Plus loin, du moins, si on accepte de nouer son baluchon et de marcher vers le Missouri, de faire une halte à Springfield avant de s’aventurer dans la région de Monts Ozark, on trouve un groupe appelé fort légitimement The Ozark Mountain Daredevils : Les Casse-cou des Monts Ozark. Les quelques photos du coin vous prouveront que leur surnom n’était pas usurpé. Quant à la musique ? Celle-ci n’a rien de tapageuse et se déploie sur une douzaine d’albums, de live et de compilations officielles, certains publiés sur des labels d’envergure – A&M, Columbia –, d’autres sortis dans la confidentialité, le tout s’étalant sur quatre décennies. Ce n’est pas avec ça que le groupe va tutoyer les sommets, même si l’on entend régulièrement « Jackie Blue » sur les ondes américaines. Cependant, il a acquis dans le cœur des fans de Country une jolie réputation, en aucun cas usurpée. Leur meilleur période allant fort logiquement de leurs débuts en 1973 jusqu’à l’année 80 avec, dans ce laps de temps, une série d’albums absolument parfaits : « The Ozark Mountain Daredevils » (1973), « It’ll Shine When It Shines » (1974), « The Car Over The Lake Album » (1975), « Men From Earth » (1976). La force du groupe dans ces années magiques est de pimenter une musique authentiquement country d’accent pop, voire FM sur la fin. Ne vous laissez pas abuser par ce terme, devenu péjoratif avec les années. Dites-vous bien que l’Amérique des stations FM a toujours consacré une part importante de sa programmation à tout un pan du Classic Rock, à ces chansons inusables qui, malgré les stigmates de leur époque, ont conservé un charme, mieux une efficacité. Elles ont ainsi passé sans s’altérer, jusqu’à conquérir tous les cœurs, toutes générations confondues.

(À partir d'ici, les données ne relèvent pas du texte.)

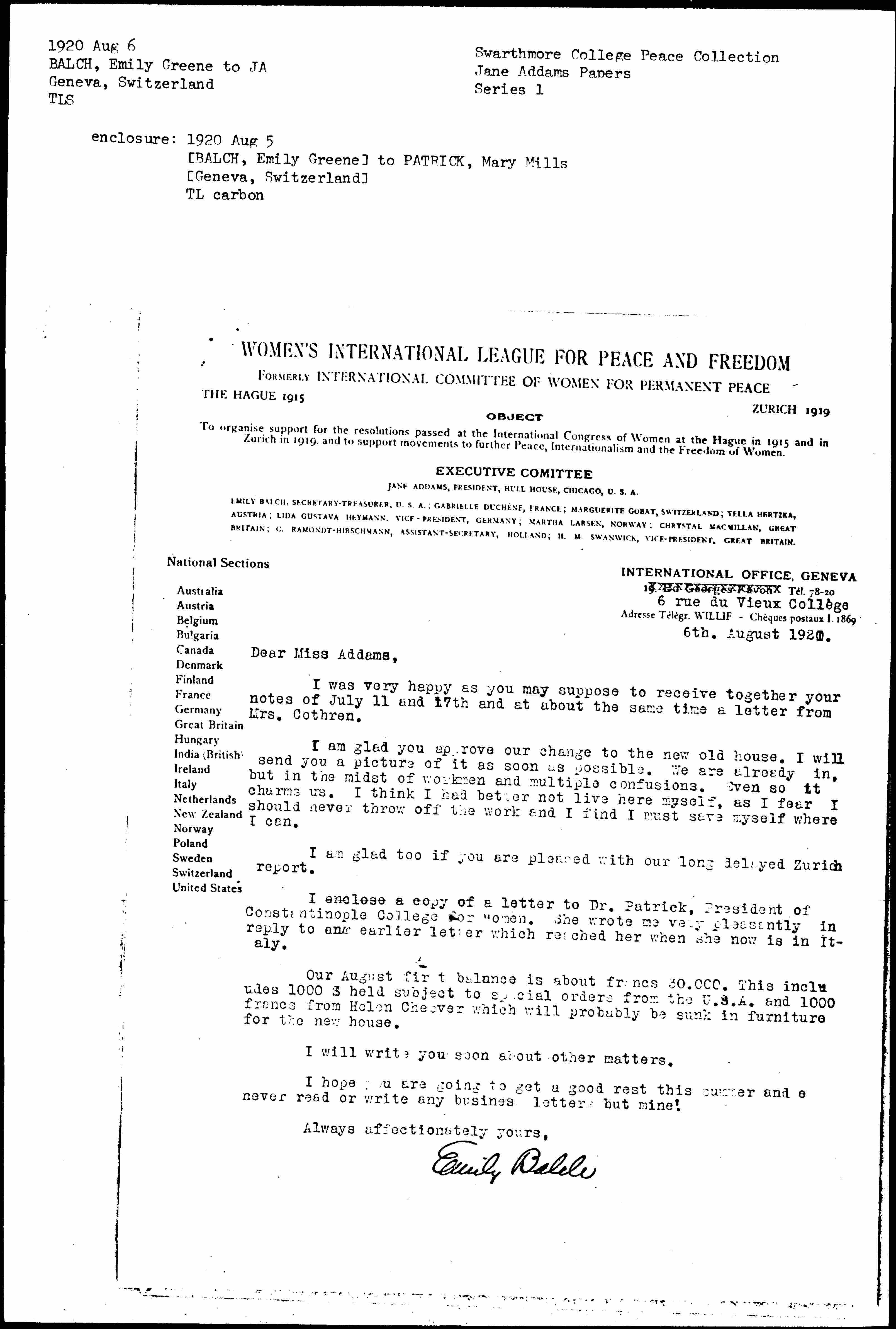 I enclose a copy of a letter to Dr. Patrick, President of Constantinople College for Women. She wrote me very pleasantly in reply to an earlier letter which reached her when she now is in Italy.
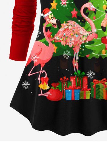 Plus Size Christmas Tree Snowflake Gift Flamingo Print Long Sleeves Women T-shirt - Black - 1x
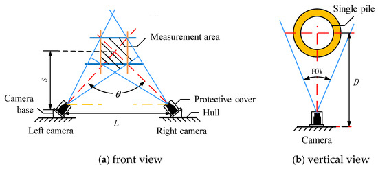 In order to investigate the effect of the optical axis angle between binocular cameras on the verticality measurement of a single pile, assuming that the hull coordinate system is consistent with the global coordinate system, an ideal binocular camera model is established for analysis, as shown in Figure 9. Assuming there is an error in the single axis obtained from the image of the left camera, and no error in the single axis obtained from the image of the right camera, the optical axis of the left camera intersects with the central axis of the single pile, and the optical center of the right camera forms a plane parallel to the plane with the central axis of the single pile [17].
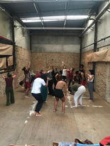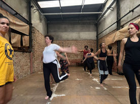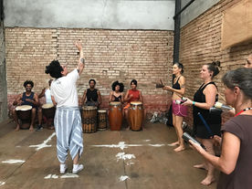 A oficina de dança foi ministrada por Janette Santiago (artista da dança, atriz, orientadora corporal, educadora e estudiosa de experimentos afro corpóreos), visando um mergulho em práticas do corpo, especialmente pelo repertório das religiões de matriz africana, para compor as coralidades dos exercícios cênicos apresentados ao final do projeto A Marcha das Mulheradas.
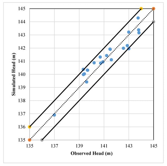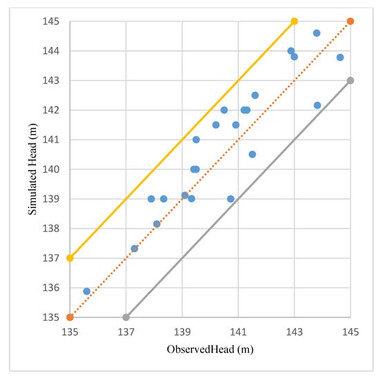 The value of RMSE found after calibration was 0.499 which falls in the RMSE acceptable range of 0–0.7 [12]. Therefore, this value of RMSE showed a close agreement between the simulated and observed groundwater levels. The value of R2 found after calibration was 0.87 which falls in the R2 acceptable range of, 0.7–1 [28] reflecting a good agreement between the simulated and observed groundwater levels. The value of NSE found after calibration was 0.65 which falls in the NSE acceptable range of 0.5–1 [17] reflecting a good agreement between the simulated and observed groundwater levels The values of RMSE, R2 and NSE of 0.499, 0.87 and 0.65, respectively, falling in their acceptable ranges indicated that the model was calibrated reasonably well). Figure 5 shows the graph of simulated and observed groundwater levels at the end of 6th stress period (March 2014). The solid dark lines show the limit of ± 0.5–2 m (Source: Manual of MODFLOW PRO, US Geological Survey (USGS), Denver, CO, USA), dotted line represents the best fit line and points show observed and simulated groundwater levels. Figure 6 reveals that observed and simulated groundwater levels fall within the limit of ±0.5–2 m reflecting that model has been calibrated reasonably well.
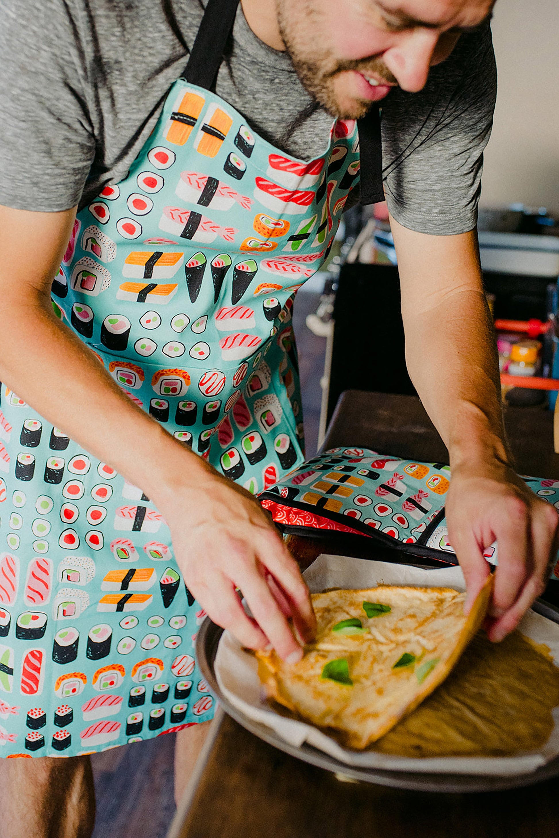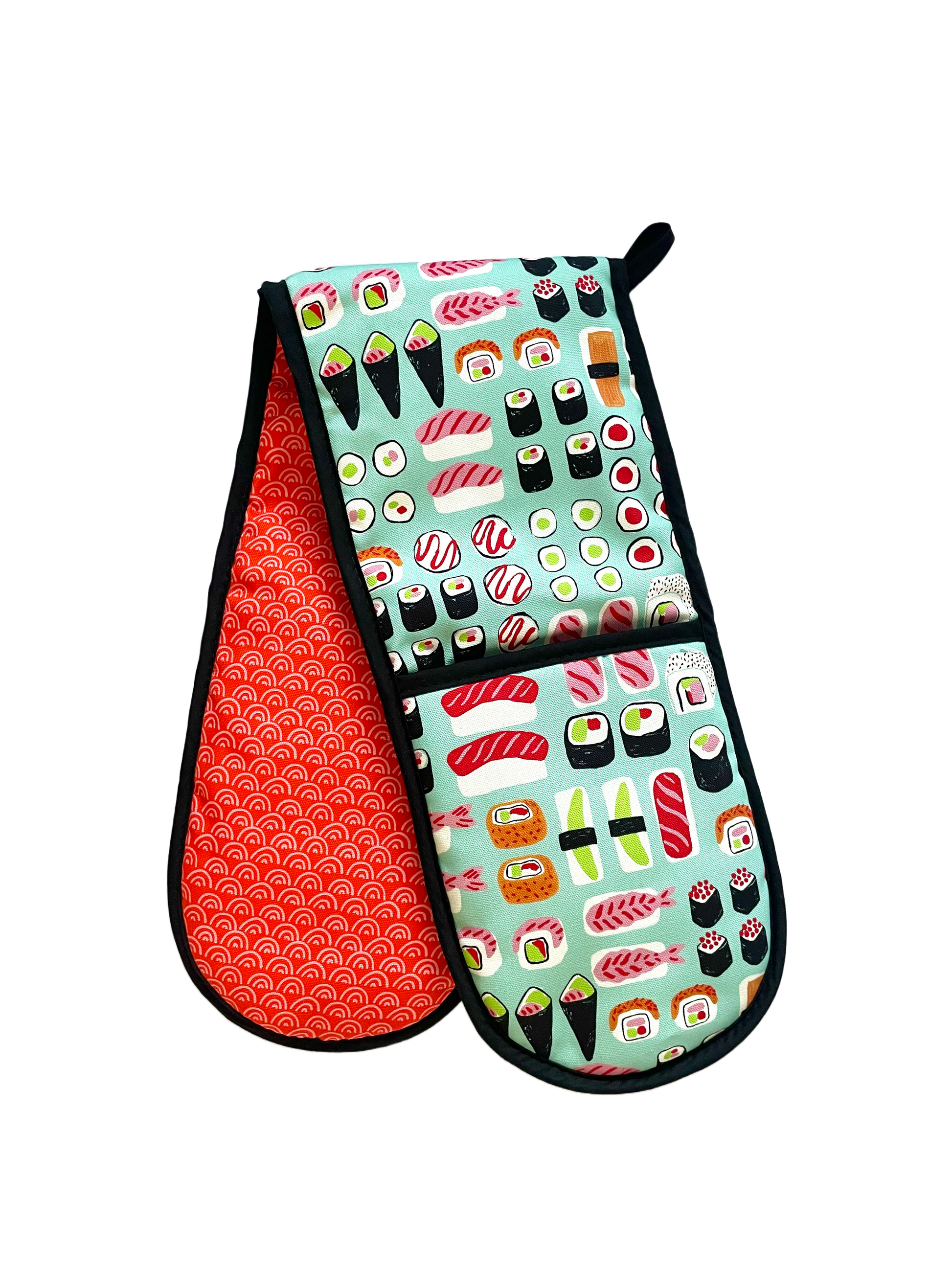Estos divertidos guantes para horno de sushi serían un gran regalo para los amantes de la comida, los amantes de los viajes o cualquier persona que haya estado en Japón. Los guantes tienen un colorido estampado de sushi en la parte delantera y el reverso está estampado con un patrón geométrico en contraste de inspiración japonesa. Tienen un ribete negro y un lazo para colgar y miden 96 cm x 20 cm.
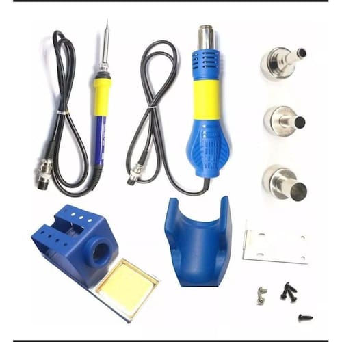 Características: - estação de solda e retrabalho - yaxun 881d; - estação completa e compacta; - uso industrial profissional; - ferro de solda; - soprador de ar quente; - painel de controle individualizado; - 1 display digital para amostragem da temperatura do soprador; - 2 knobs menores para ajuste do soprador de ar (vazão e temperatura); - 1 knob para ajuste da temperatura do ferro de solda; - 2 chaves on/off independentes; - suporte para ferro de solda com esponja vegetal; - suporte para soprador de ar; - 3 bocais diferentes para soprador de ar; - 1 pinça / extrator para chips smd; - estrutura com revestimento antiestático; - garantia legal de 90 dias (contra defeitos de fabricação). Especificações: - marca: yaxun; - modelo: 881d; - dimensões: ~17 x 14 x 10cm (cxlxa); - consumo de potência geral: ~750w; - acompanha 1 pinça extratora de chip smd; - peso com embalagem: ~2800g. Soprador de ar quente: - temperatura do ar quente: 100ºc a 450ºc; - potência de consumo: 550w; - fluxo de ar: 0,3 - 120 l/min ajustável; - potência da bomba: 45w; - esd safe (proteção antiestática); - 3 bocais de diferentes tamanhos: ø 5,0 - 7,0 - 10,0mm. Ferro de solda: - temperatura do soldador: 200ºc - 480ºc; - potência de consumo: 50w; - tensão de alimentação 24v; - esd safe (proteção antiestática); - 1 suporte para o ferro de solda com esponja vegetal.
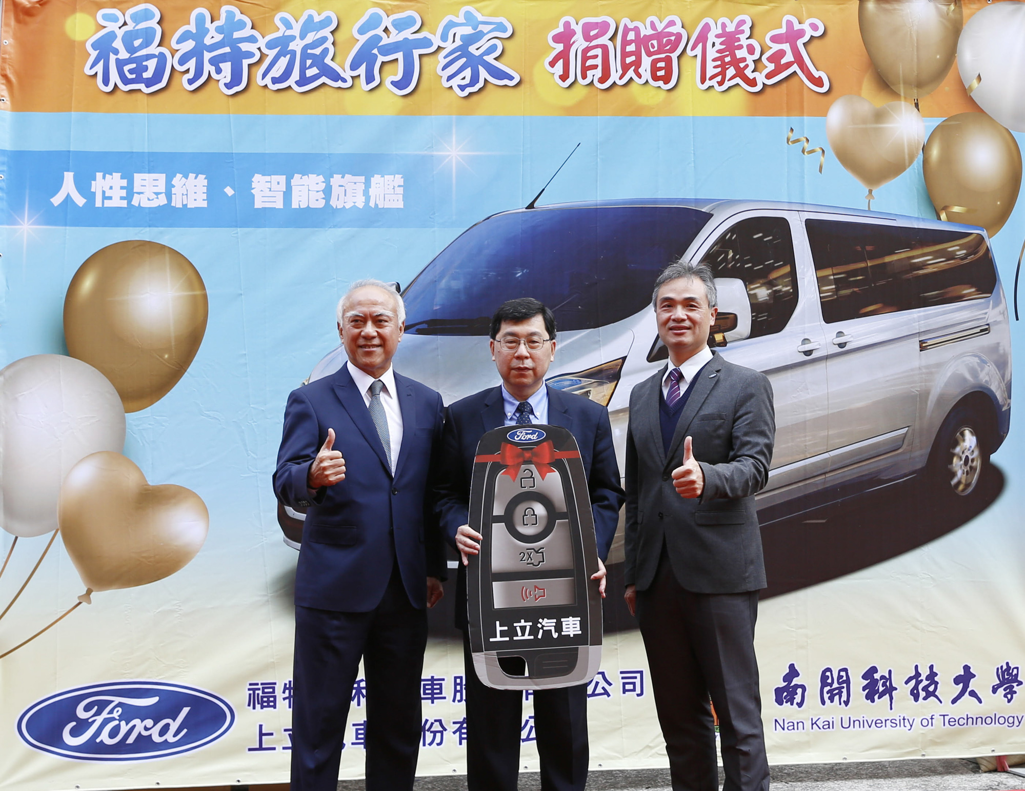 南開科技大學校長許聰鑫也表示:「長照和遠距醫療照護是台灣社會發展趨勢,福特旅行家車款服務於許多長照機構或遠距醫療團體,透過本次的捐贈,學生將有機會在課程中實際操作此類廂型車的維修保養,實屬難得,也為學生奠定良好的基礎,未來投入職場時更能發揮所長,將自己的所學貢獻於社會!」

Sans faire le point sur chacune de ces galettes car elles mériteraient leur propre recension, notons qu’elles sont toutes d’égale qualité, montrant un groupe s’épanouissant d’un enregistrement à l’autre. Sur leur premier essai très réussi, on découvre à quel point ce groupe minoré déjoue les pronostics : on y trouve tout à la fois et dans un joyeux bordel des titres à l’énergie rock (« Country Girl », « If You Wanna Get To Heaven », « Black Sky »), des morceaux plus tradi, à la réelle patine (« Chicken Train », « Standin' On The Rock », « Beauty In The River ») et au milieu ce que fait le groupe de mieux, des pop songs et des ballades. Ainsi et selon cet axiome rêvé, « Spaceship Orion » s’avère de toute beauté, tout comme le très Manasassien « Colorado Song » ou le Neil Youngesque « Road To Glory » ou le plus simplement délicat « Within Without ». Larry Lee s’impose sur ce titre et ses autres compositions, car tous les membres contribuent à l’écriture, en chanteur merveilleux. Sur le LP suivant, le groupe conserve cette formule qui lui réussit si bien sur un plan artistique. Seule petite différence, l’album adopte une tonalité plus laid-back. De plus, la diversité des voix explore l’inconscient des artistes qui se livrent ainsi à l’introspection comme sur l’émouvant « It Couldn't Be Better », avec ses bruits de grillons, le poppy « What's Happened Along My Life » et le morceau titre « It'll Shine When It Shines ». Enfin, avec « Jackie Blue », Larry Lee invente le style TOTO quatre ans avant. Le groupe ne s’y est pas trompé qui a fait de cette chanson séduisante le single de son album. Troisième disque, on ne change pas une équipe qui gagne même si, là encore, le groupe s’autorise à innover. En témoignent le clavecin sur « Mr. Powell », le sax et les flûtes sur le céleste « If I Only Knew ». Nos petits gars du Missouri se rêvent en californiens de studios et cette mue fonctionne à merveille. C’est de cette manière qu’ils arrivent à faire oublier le crottin de la musique Country, considération qui ne se veut snob d’aucune manière.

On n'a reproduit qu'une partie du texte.